Washington, D.C. – Tonight the House of Representatives passed a bipartisan bill (H.R. 2484) that requires the U.S. to develop a comprehensive strategy to increase and strengthen women’s participation in peace negotiations and conflict prevention.

On the House floor prior to the vote, Chairman Royce delivered the following remarks (as prepared for delivery):

“I rise in support of H.R. 2484, the Women, Peace, and Security Act.  And I want to recognize Representatives Noem and Schakowsky for their excellent, bipartisan work on this measure, and of course Ranking Member Engel for his important leadership.

Our consideration of this measure today is really a culmination of years of bipartisan work by Members of the House, and prior Administration officials, and the many advocates who want to see better, more sustainable solutions to ending wars, combating terrorism, and improving human rights around the world.

And what we are saying today is that women’s participation is essential to confronting these fundamental challenges.

Last year, the Foreign Affairs Committee held a hearing where we heard powerful testimony about the importance of including women in peace negotiations and security institutions around the globe.  Women, of course, have the fundamental human right to have their voices heard in discussions affecting their lives, and that is a case in and of itself that we must continue to make.

But women’s participation is also critical to realizing better outcomes.  Simply put, when women are at the negotiating table, peace is more likely.  Compelling research shows that peace agreements are more likely to be reached – and to last – when women’s groups are genuinely involved.

Women peacemakers often press warring parties to move beyond mere power-sharing agreements, which benefit only a small percentage of fighters, to more comprehensive and longer-term accords, which benefit the civilian population as a whole.  We have seen this play out from Colombia, to Rwanda, to Sri Lanka, where women’s groups have pushed for practical solutions to de-escalate and resolve conflict.
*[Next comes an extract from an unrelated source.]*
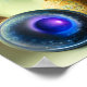 Beautiful AI rendered digital art print features a magical, mystical scene featuring gold and blue enamel bowls and decanters with an exotic background.

Efforts to “keep the peace” through policing and peacemaking missions also benefit from women’s participation because it leads to better crime reporting and higher levels of trust within the communities they serve.

And women are essential to confronting one of the greatest national security threats of our time: the spread of violent extremism.  Women are truly on the front lines of this fight.  They often possess unique insights into their families and communities, and are capable of gathering information that men cannot.  Yet their input is frequently overlooked.

Activist Wazhma Frogh recalls when women from a small Afghan village tried desperately to warn a government official that young men in their community were being recruited by Islamist militants at local weddings.  The minister laughed them off and said, “The militants we’re fighting are much too sophisticated to recruit at a wedding!”  A month later, those same men attacked a bus, killing 32 civilians.

My Committee has heard similar stories from women around the world, who want to reclaim their communities from the spread of radical ideologies.  We must acknowledge women as partners in this fight.

And that is why the legislation before us today recognizes that it is in our national interest to promote women’s participation in resolving violence and conflict.

This concept has been building support for some time.  The Bush Administration was right to press hard for women’s participation in peace negotiations and political processes in Iraq, Afghanistan, and elsewhere.

The Obama Administration expanded on these programs to require a government-wide approach to women’s inclusion in conflict resolution overseas.

The bipartisan legislation before us today builds on these efforts.  It will continue to require a government-wide strategy to promote women’s participation, along with specific goals and benchmarks and regular reporting to Congress in order to gauge progress.

It also requires that appropriate State, USAID, and Defense Department personnel receive training in how to facilitate women’s participation in conflict resolution, security initiatives, and efforts to protect civilians from violence and exploitation.

I urge all Members to support this measure’s passage.”